### Problem statement:
The listing below begins with the first line you should copy; stop after the line containing "A stunning lunar", and drop every picture.

### Given information:
..............................

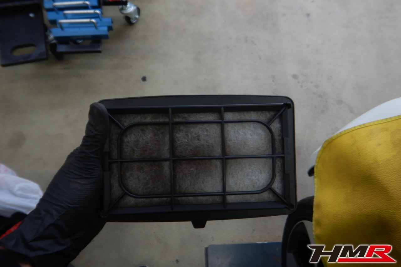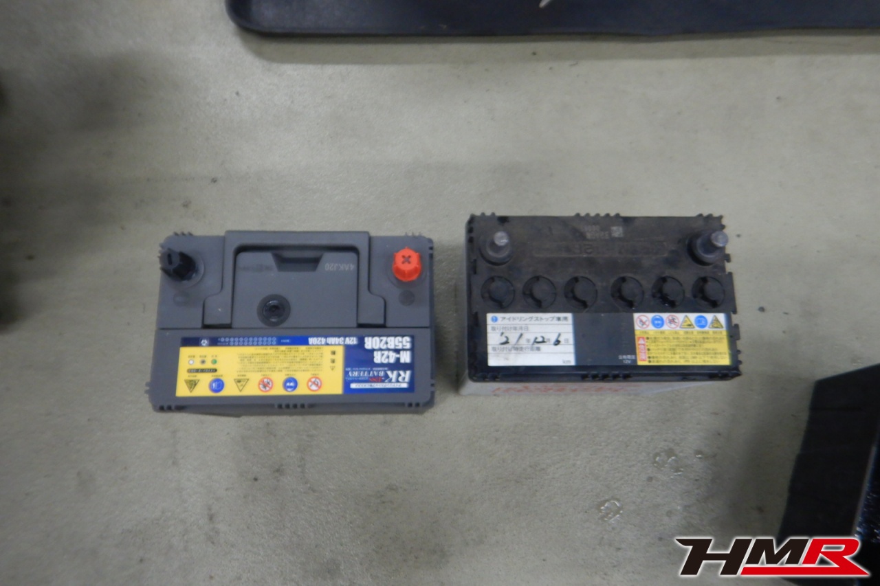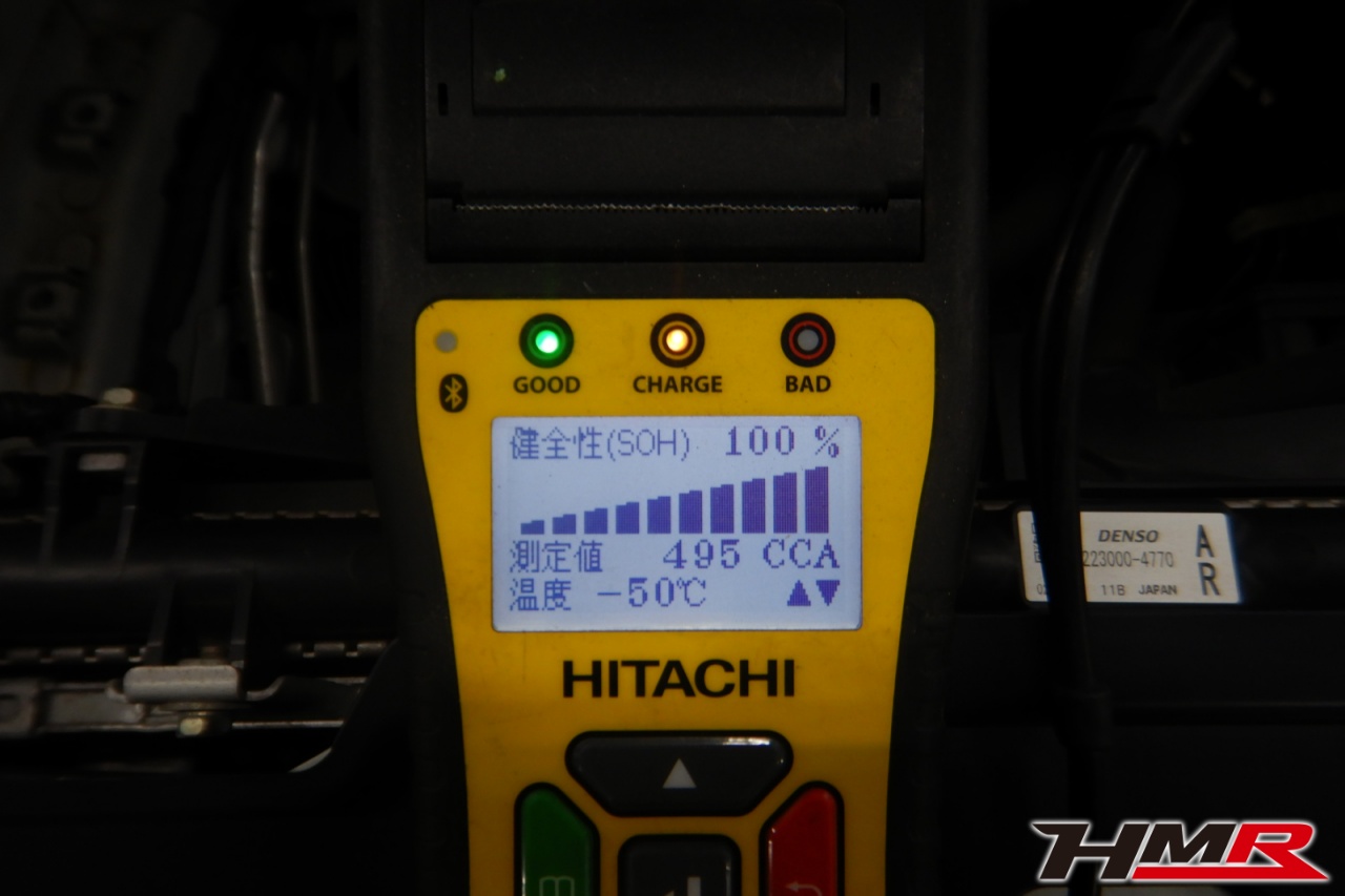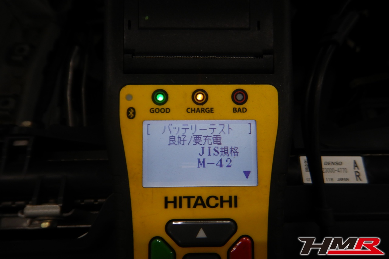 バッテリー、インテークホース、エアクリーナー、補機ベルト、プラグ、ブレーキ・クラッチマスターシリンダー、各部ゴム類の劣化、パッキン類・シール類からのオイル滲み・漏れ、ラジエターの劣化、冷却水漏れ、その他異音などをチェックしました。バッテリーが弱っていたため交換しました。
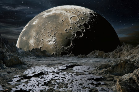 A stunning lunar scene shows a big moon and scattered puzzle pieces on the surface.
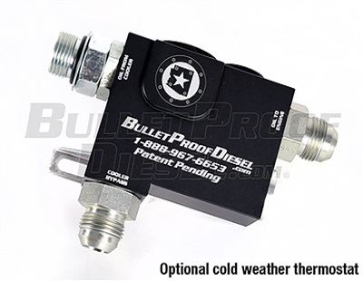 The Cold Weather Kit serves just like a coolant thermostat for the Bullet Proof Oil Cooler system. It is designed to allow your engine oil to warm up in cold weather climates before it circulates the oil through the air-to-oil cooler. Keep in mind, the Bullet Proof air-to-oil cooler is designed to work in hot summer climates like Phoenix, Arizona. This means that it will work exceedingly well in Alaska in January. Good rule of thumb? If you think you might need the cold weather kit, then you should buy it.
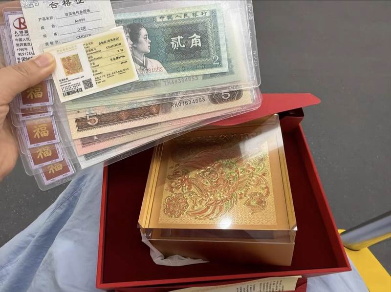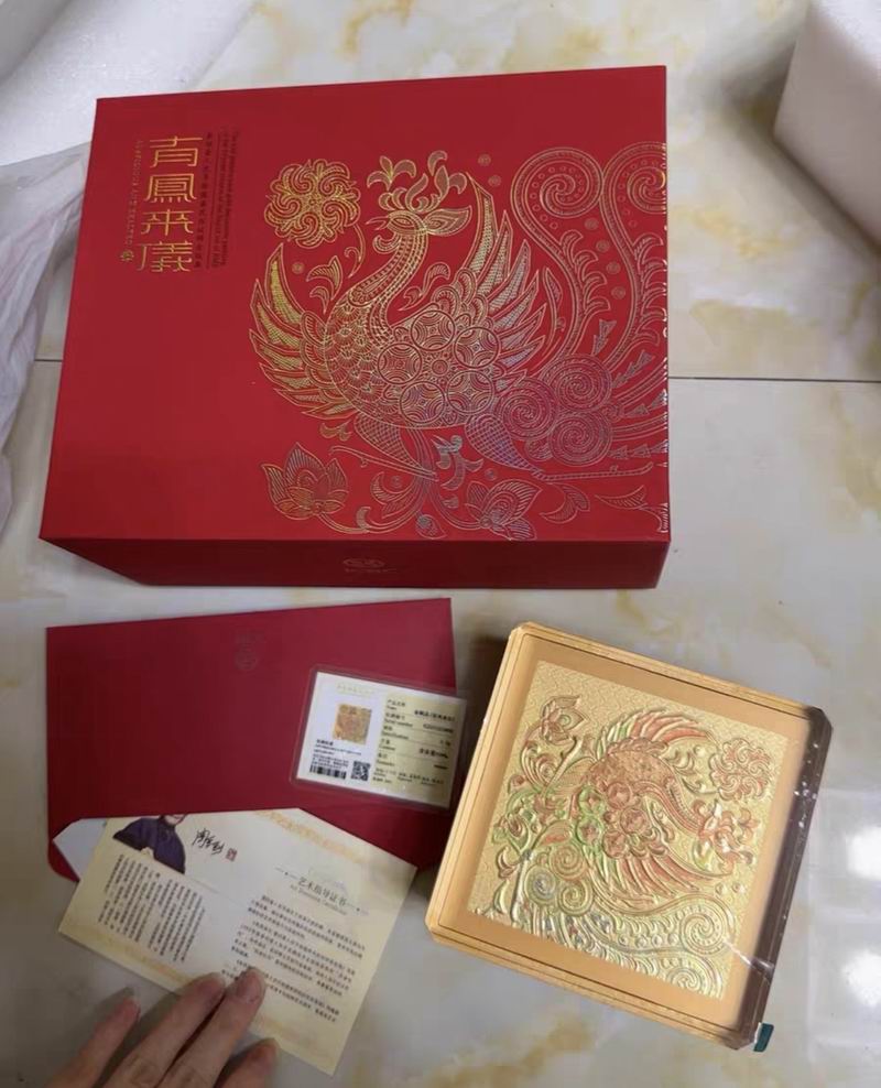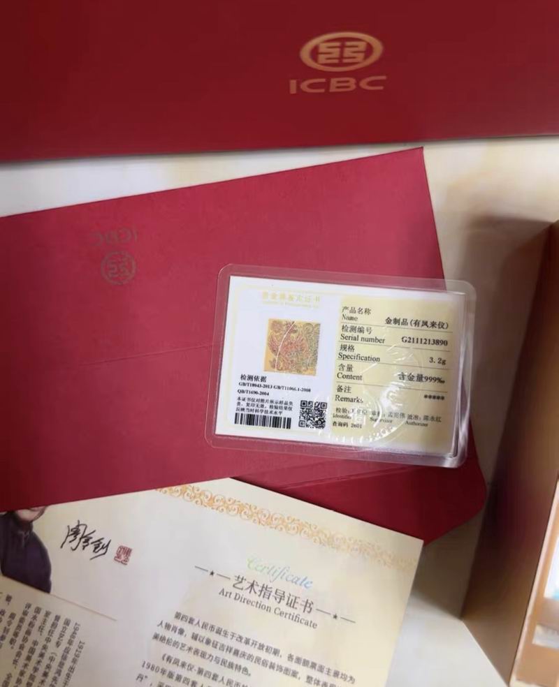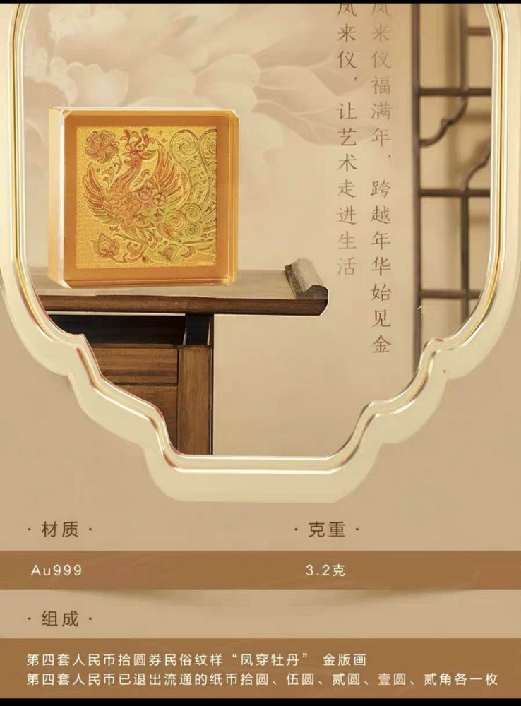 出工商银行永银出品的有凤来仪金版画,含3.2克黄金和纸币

..............................

### Task response:
 バッテリー、インテークホース、エアクリーナー、補機ベルト、プラグ、ブレーキ・クラッチマスターシリンダー、各部ゴム類の劣化、パッキン類・シール類からのオイル滲み・漏れ、ラジエターの劣化、冷却水漏れ、その他異音などをチェックしました。バッテリーが弱っていたため交換しました。
 A stunning lunar scene shows a big moon and scattered puzzle pieces on the surface.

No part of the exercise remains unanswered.